The West Africa Pipeline Company Limited has said it is looking to capture new gas supply from Nigeria, with a focus on the Aje field offshore Lagos, as part of its key interventions to reposition the company for the dynamic market landscape.
WAPCo is the operator of the $1bn West African Gas Pipeline, which was built to supply natural gas from Nigeria to customers in Benin, Togo and Ghana.
The Managing Director, WAPCo, Mr.

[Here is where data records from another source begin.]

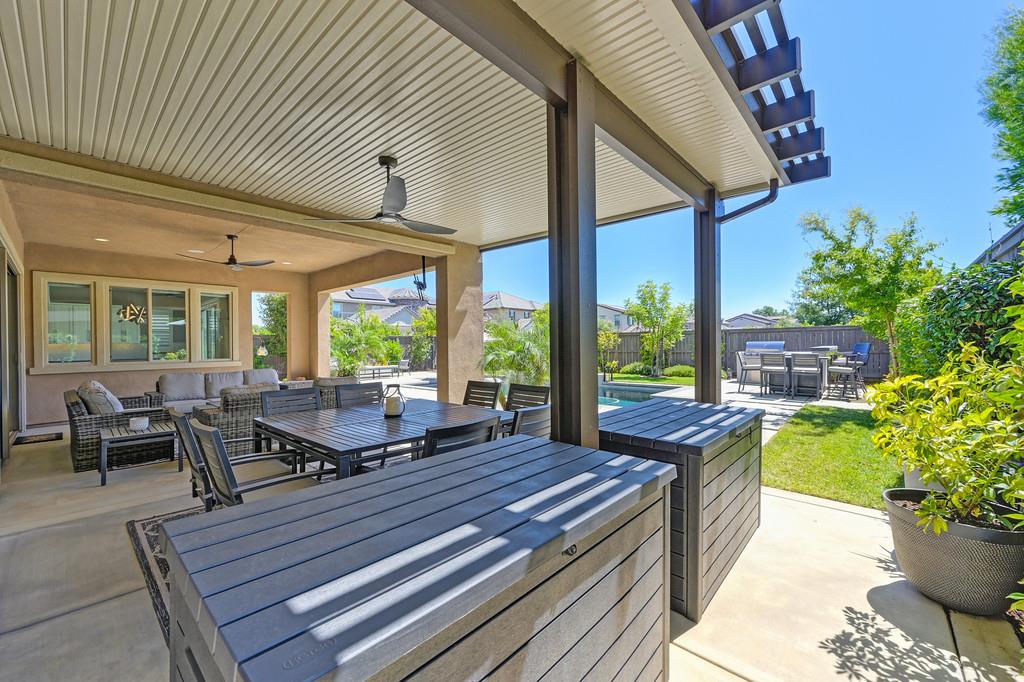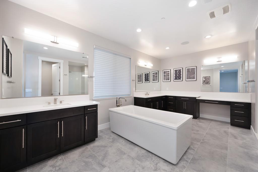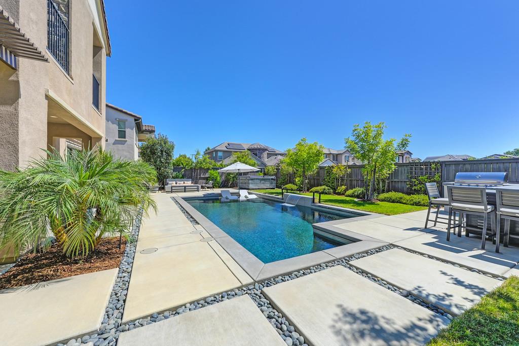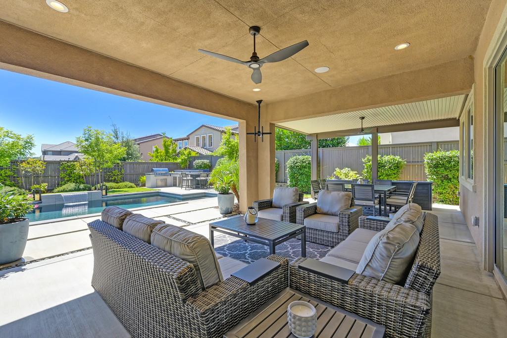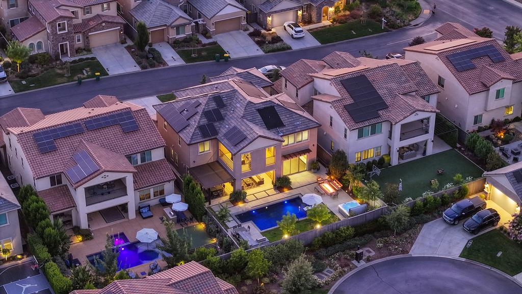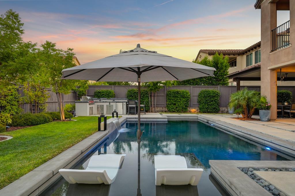 726 Wyeth Court in Serrano's Country Club community offers 4,475 square feet of living space - 5 bedroom / 5.5 bathroom home blends modern elegance and functional design with not one, but two primary suites, perfect for multigenerational living. The main floor with sweeping staircase, modern form designer chandeliers, expansive great room with fireplace and custom barn door which connects to a versatile flex work space, and Junior Primary Suite w/ it's own washer & dryer, enhances the overall living experience downstairs. The kitchen is incredible, boasting top-of-the-line Wolf appliances, SubZero 145 bottle wine fridge, dual freestanding SubZero refrigerator/freezer, and endless counter space. Upstairs has its own expansive family room/loft, Main Primary Suite with covered balcony and fireplace that overlooks the beautifully landscaped backyard. Owned solar for the home and pool keep everyone comfortable all summer long! Step outside through multi-panel stacking doors that offer access to your resort style backyard oasis with extended covered patio area, built-in custom bbq kitchen, gas fire lounge, gorgeous pool area, and Bull Frog Hot Tub! Control your home's sound system and all other features with state-of-the-art Control4 automation.
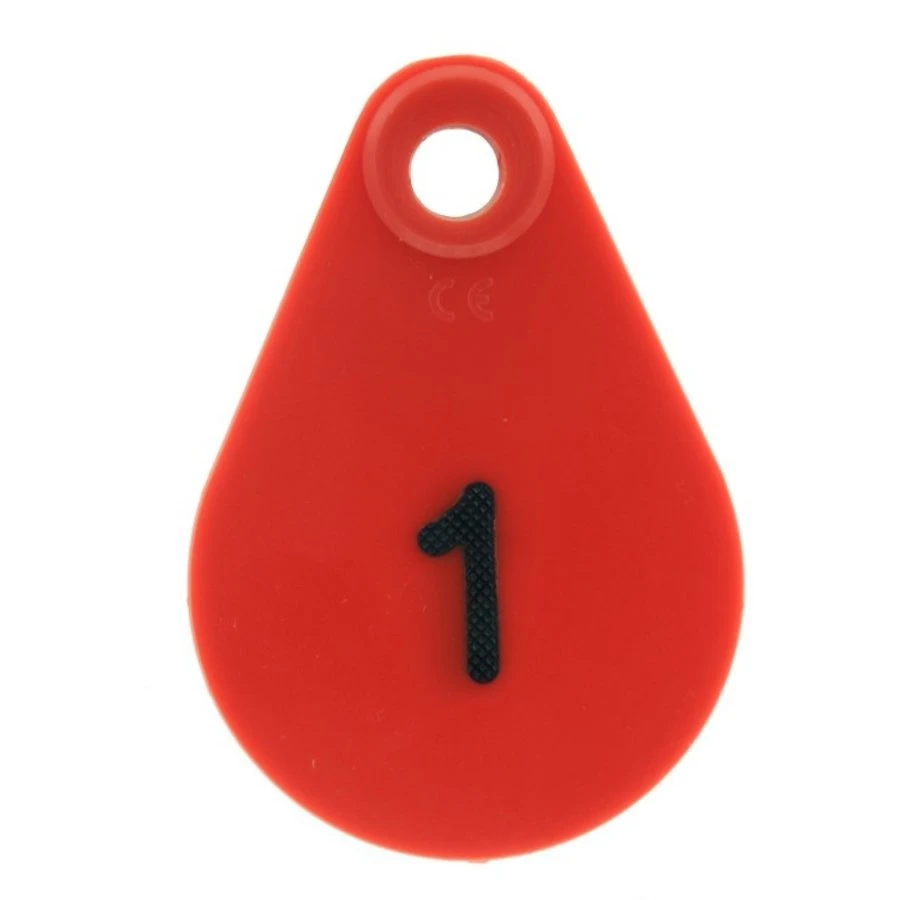 Deze nekplaatjes zijn bedrukt en verkrijgbaar in de kleuren blauw, geel, rood en groen. Verkrijgbaar per serie van 25 stuks
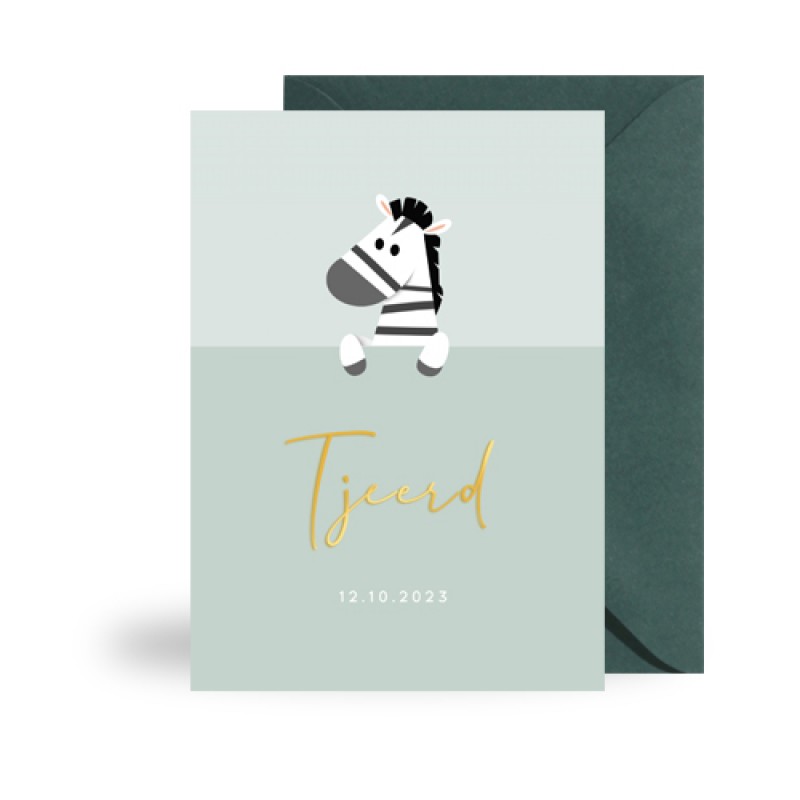 Mooi enkel geboortekaartje met een zebra dat over een verhoging kijkt. In goudfolie staat de naam van de pasgeboren baby. Dit kaartje is leuk voor zowel een jongen als een meisje!

Walter Perez, who spoke in Lagos at a business forum organised by the Nigerian Gas Association, said the company was also seeking increased supply from the Escravos-Lagos Pipeline System.
He disclosed that the transition to a bi-directional pipeline system from a uni-directional system was meant to increase capacity and accommodate new entry points amid significant unmet demand along the WAGP market.
He said the growing market in the sub-region had seen Ghana, Togo, and Benin compete with Nigeria domestic gas market for new Nigerian supply.
According to Perez, there is an increasing appetite for natural gas as a cleaner energy source but significant supply gap still exists, increasing attention towards Liquefied Natural Gas.
He said steps to reposition WAPCo for the dynamic market landscape included the facilitation of multiple shippers operating under the open-access regime; diversification and attraction of new robust supply; adaption of the WAGP configuration to reflect changing supply and demand patterns, and transition from single postage stamp to a more robust and flexible tariff structure for the WAGP by January 1, 2019.
He said the company would attract substantial gas supply from western Ghana, as well as capture re-gasified LNG for transport through the WAGP.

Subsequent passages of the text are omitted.